Roasted 1 year ago based on Arinjay's long term Spotify stats.
Hey Arinjay, I see your Spotify profile looks like a cultural buffet that's been left out in the sun for too long. You've got a playlist that screams "I love India and avoid diversity like the plague." With favorites like "Punjabi Hip Hop," I’m just waiting for your ex to drop a diss track titled “I Should Have Stuck to Bollywood.” Sounds like your Spotify is more Indian wedding than serious music taste. Honestly, at this rate, you should slap a “Danger: Overexposure to overproduced beats” warning label on your account. And let's talk about those top artists—seriously, did you fall down an Indian music rabbit hole with the same grace as a drunk elephant? Sure, we all love a good Pritam jam, but you've got so much Punjabi Pop that I half-expect to see a tractor pull up every time you hit "play." Not to mention Taylor Swift awkwardly crash-landing on your list, like the one foreign cousin who shows up to Diwali and ruins the vibe. Sweetheart, danger signs are flashing.

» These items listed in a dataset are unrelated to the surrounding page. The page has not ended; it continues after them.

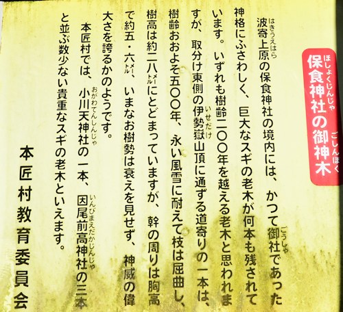 ![]() (4) 神社の杉の木の説明です。左の写真の鳥居の横の看板です。 |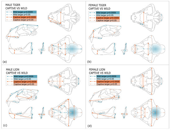 Cooper DM, Yamaguchi N, Macdonald DW, Patterson BD, Salkina GP, Yudin VG, Dugmore AJ, Kitchener AC. Getting to the Meat of It: The Effects of a Captive Diet upon the Skull Morphology of the Lion and Tiger. Animals. 2023; 13(23):3616. https://doi.org/10.3390/ani13233616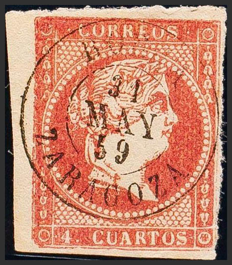 48. 1855. 4 cuartos rojo. Matasello BORJA / ZARAGOZA. MAGNIFICO.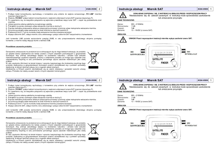5996/R Miernik sygnału satelitarnego; SAT; SF-9501; wskaźnik analogowy; 950-2150 M...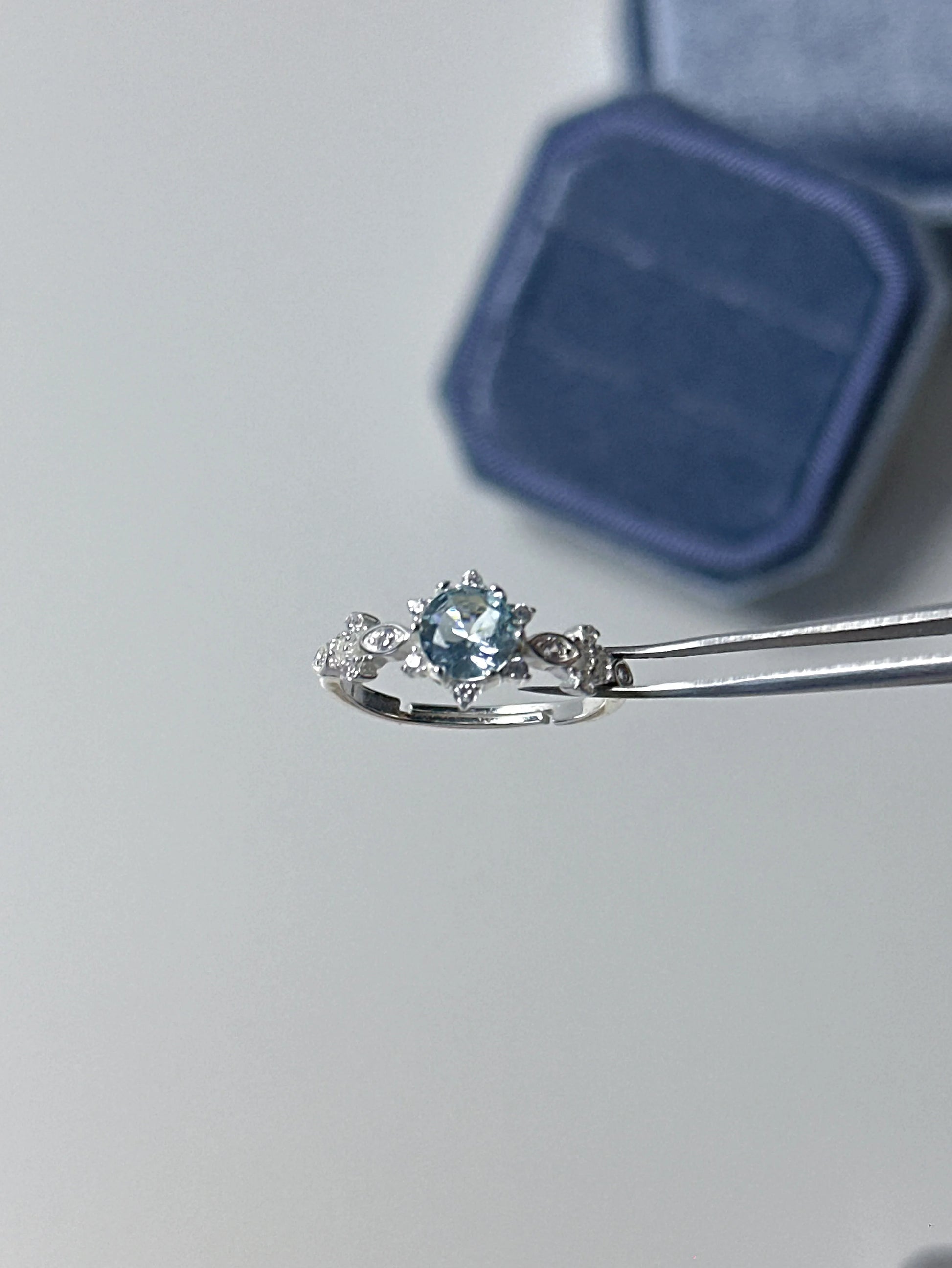 Design: Elegant vintage style with a radiant aquamarine blue stone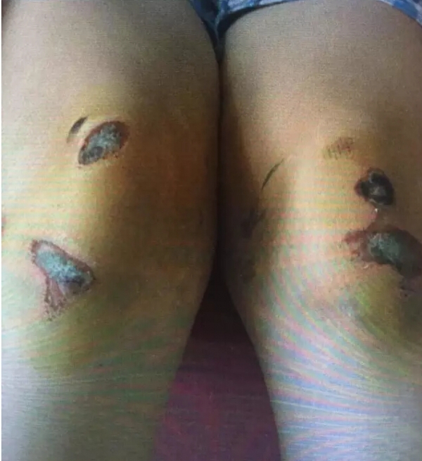 胳膊红肿不堪、双膝惨不忍睹、手上还有伤疤,这一个小姑娘咋能伤成这样?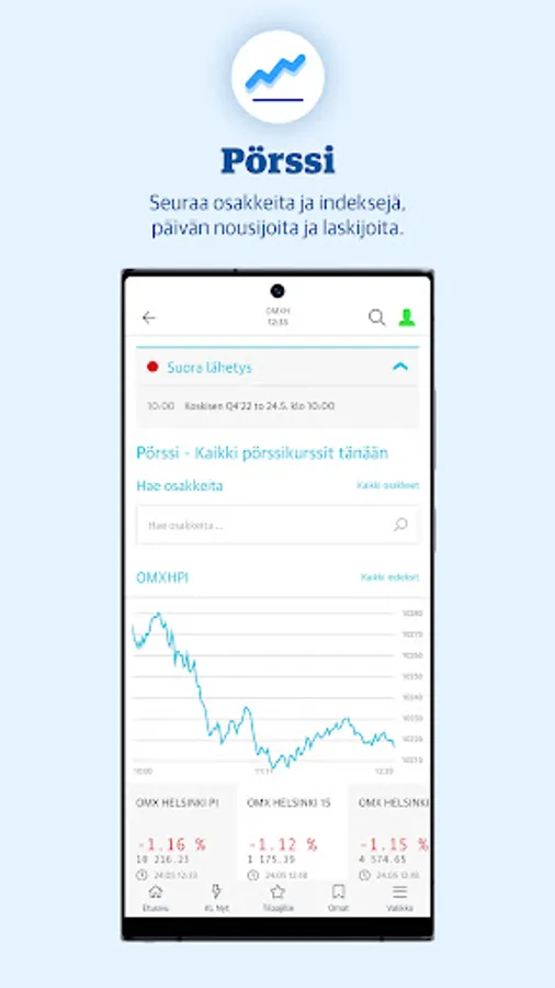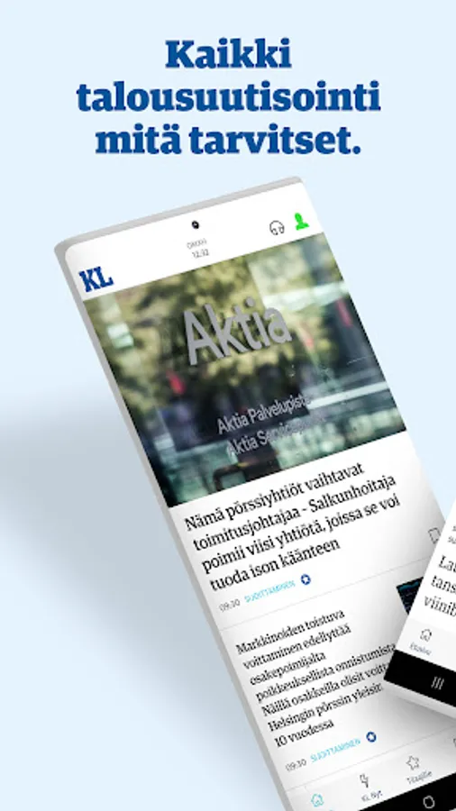 Kauppalehti is Finland's leading independent financial media. Kauppalehti opens up new perspectives and opportunities for success. Kauppalehti offers current and background news about the economy, the stock market, companies and society, as well as stock exchange rates and comprehensive investor services. With the application, you can also view stock exchange rates, the day's risers and fallers, the most traded shares, and create your own portfolio to support monitoring your own list.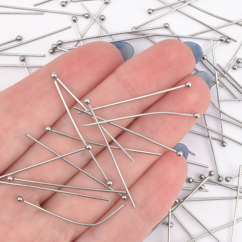 Гвоздики з кулькою з нерж. сталі, 50 мм, Темне срібло (STL-056229)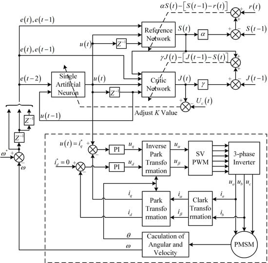 The detailed learning and adaptation are shown in Equations (27)–(33).The selection of K value is used to promote the rapid convergence of the value. The appropriate K value is selected and applied to the SAN (action network), and the optimal control value is output to vector control system of PMSM directly. The detailed calculating process is shown in Equations (23)–(26). The SAN-GrHDP optimal control output signal is q-axis current reference value of vector control system of PMSM. The weights of the reference network and critic network in SAN-GrHDP approach are initialized randomly. For comparative studies, the parameters of SAN approach are set the same as the SAN-GrHDP approach.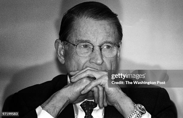 12/02/2002 photograph attorney William Webster, former FBI and CIA director who resigned as chair of the Accounting Oversight Board during a press conference at Baker & McKenzie regarding conclusions reached by the Oversight Board. (Photo by Gerald Martineau/The The Washington Post via Getty Images)

You need intervention before you accidentally build a Bhangra remix of “All Too Well.” Your most played songs list is just a wild ride of confusion, mate! "Mahamrityunjay Mantra Jaap Mala"? Wow, nothing says 'party' like chanting for eternal life! If the goal was to make me question whether you're planning a night out or a meditation retreat, you nailed it! "Mockingbird - Sped Up" just makes me wonder if you forgot what speed really means — your taste is slower than a snail trudging through molasses. At this point, I think your Spotify is one album drop away from transforming into a worship playlist for your non-existent talisman collection.
Roasts are purely for fun and entertainment. They're not meant to be taken seriously. Enjoy the laughs, but remember your music taste is uniquely yours!